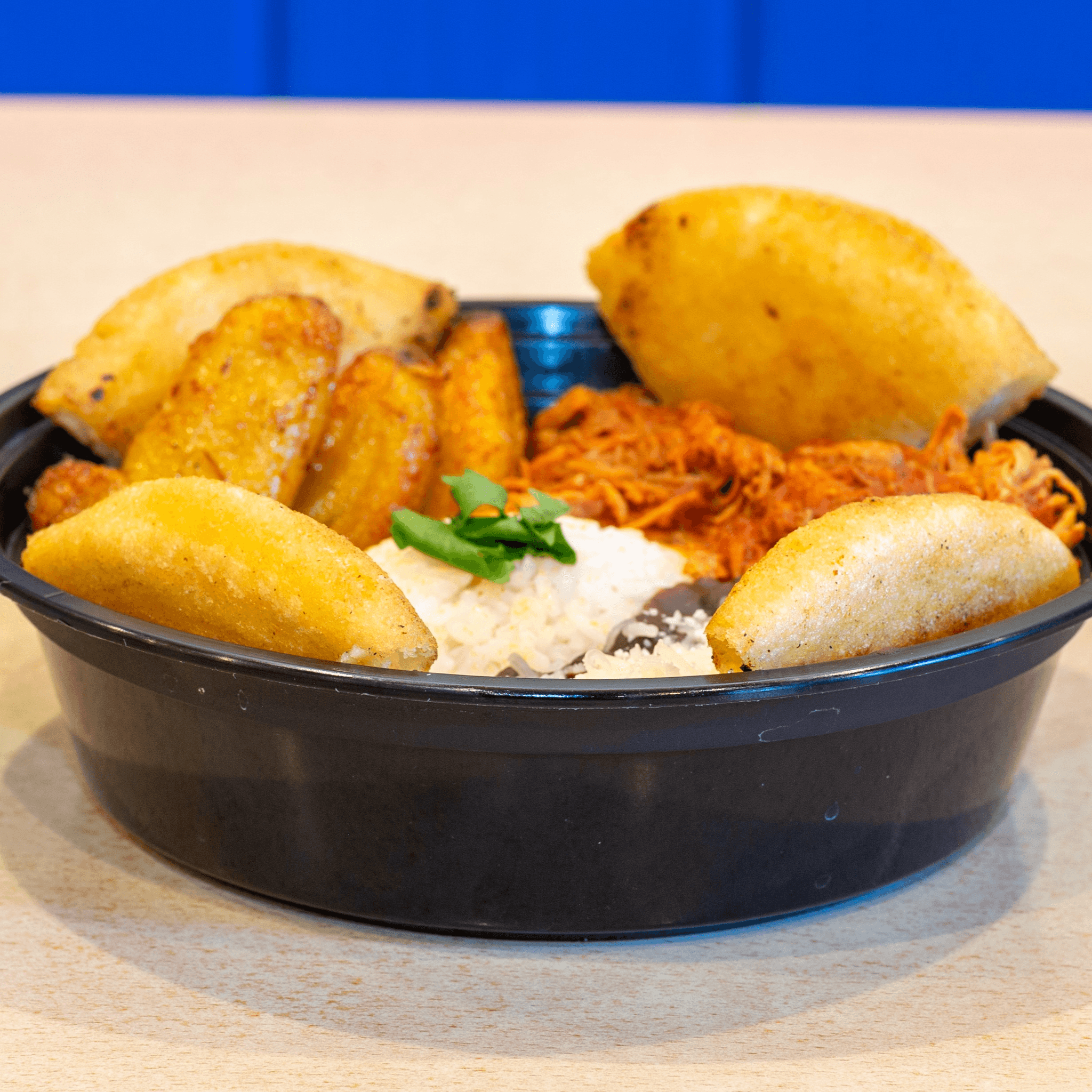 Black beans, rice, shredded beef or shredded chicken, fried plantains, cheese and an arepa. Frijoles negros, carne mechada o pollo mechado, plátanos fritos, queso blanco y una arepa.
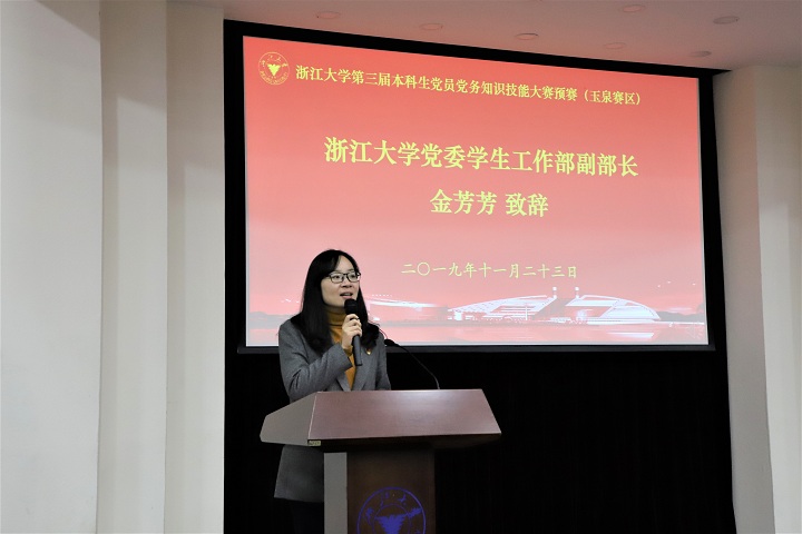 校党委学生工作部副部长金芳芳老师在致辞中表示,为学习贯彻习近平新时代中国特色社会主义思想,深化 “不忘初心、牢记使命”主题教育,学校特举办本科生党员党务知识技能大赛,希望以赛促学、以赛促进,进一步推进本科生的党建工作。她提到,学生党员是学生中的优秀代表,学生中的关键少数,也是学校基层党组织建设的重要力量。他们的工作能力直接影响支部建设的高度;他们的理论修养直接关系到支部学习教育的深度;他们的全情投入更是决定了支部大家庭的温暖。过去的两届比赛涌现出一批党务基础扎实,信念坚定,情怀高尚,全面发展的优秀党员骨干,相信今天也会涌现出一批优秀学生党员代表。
==
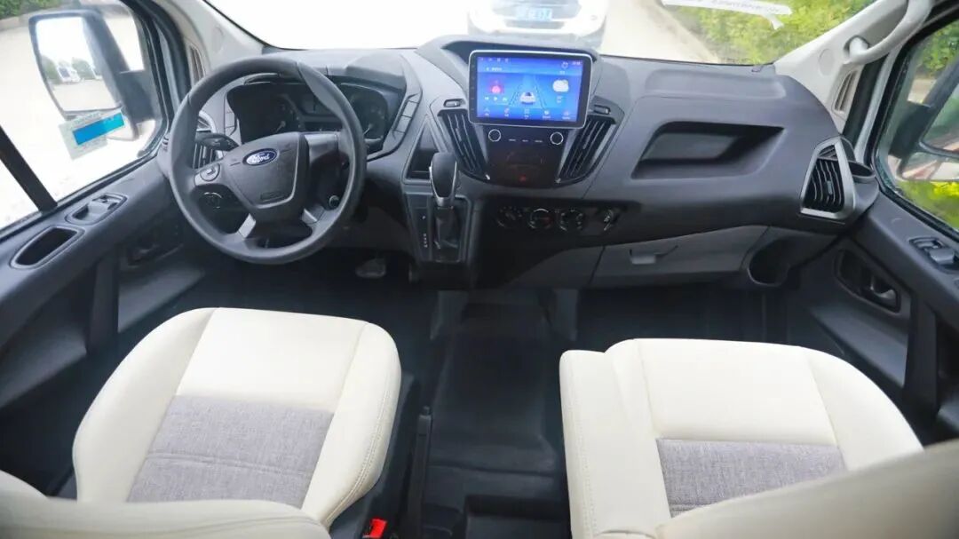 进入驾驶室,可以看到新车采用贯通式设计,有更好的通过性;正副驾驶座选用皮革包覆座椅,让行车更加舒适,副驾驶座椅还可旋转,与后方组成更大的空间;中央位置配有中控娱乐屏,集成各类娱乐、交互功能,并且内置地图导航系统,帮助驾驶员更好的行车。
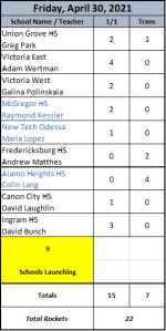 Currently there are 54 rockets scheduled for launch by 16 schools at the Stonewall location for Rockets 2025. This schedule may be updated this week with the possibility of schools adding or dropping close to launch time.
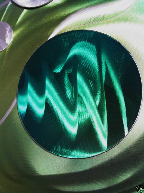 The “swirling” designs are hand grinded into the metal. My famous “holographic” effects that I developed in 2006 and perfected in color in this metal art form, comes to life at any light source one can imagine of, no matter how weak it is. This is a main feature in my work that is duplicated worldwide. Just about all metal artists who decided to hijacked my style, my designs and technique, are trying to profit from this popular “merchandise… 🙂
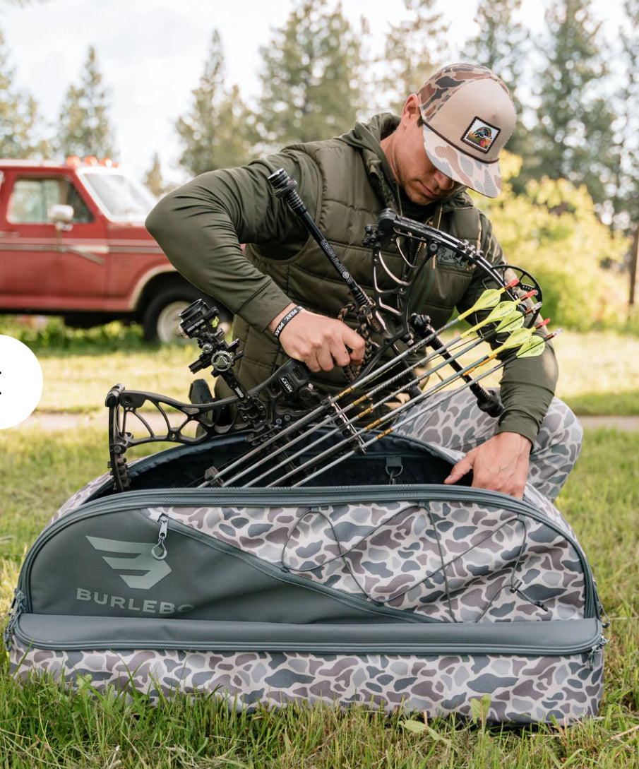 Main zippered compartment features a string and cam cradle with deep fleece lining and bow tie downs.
--
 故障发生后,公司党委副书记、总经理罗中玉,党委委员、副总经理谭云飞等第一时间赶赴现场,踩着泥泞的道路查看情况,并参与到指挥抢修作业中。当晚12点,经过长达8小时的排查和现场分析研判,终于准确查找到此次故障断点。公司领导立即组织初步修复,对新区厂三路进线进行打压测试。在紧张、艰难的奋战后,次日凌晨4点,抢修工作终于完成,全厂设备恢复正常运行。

§ **Task to complete**:
Look above for the line holding "Black beans, rice, shredded" and output everything from it down to the line holding "校党委学生工作部副部长金芳芳", both ends included, exactly and without images.

§ **Reply**:
 Black beans, rice, shredded beef or shredded chicken, fried plantains, cheese and an arepa. Frijoles negros, carne mechada o pollo mechado, plátanos fritos, queso blanco y una arepa.
 校党委学生工作部副部长金芳芳老师在致辞中表示,为学习贯彻习近平新时代中国特色社会主义思想,深化 “不忘初心、牢记使命”主题教育,学校特举办本科生党员党务知识技能大赛,希望以赛促学、以赛促进,进一步推进本科生的党建工作。她提到,学生党员是学生中的优秀代表,学生中的关键少数,也是学校基层党组织建设的重要力量。他们的工作能力直接影响支部建设的高度;他们的理论修养直接关系到支部学习教育的深度;他们的全情投入更是决定了支部大家庭的温暖。过去的两届比赛涌现出一批党务基础扎实,信念坚定,情怀高尚,全面发展的优秀党员骨干,相信今天也会涌现出一批优秀学生党员代表。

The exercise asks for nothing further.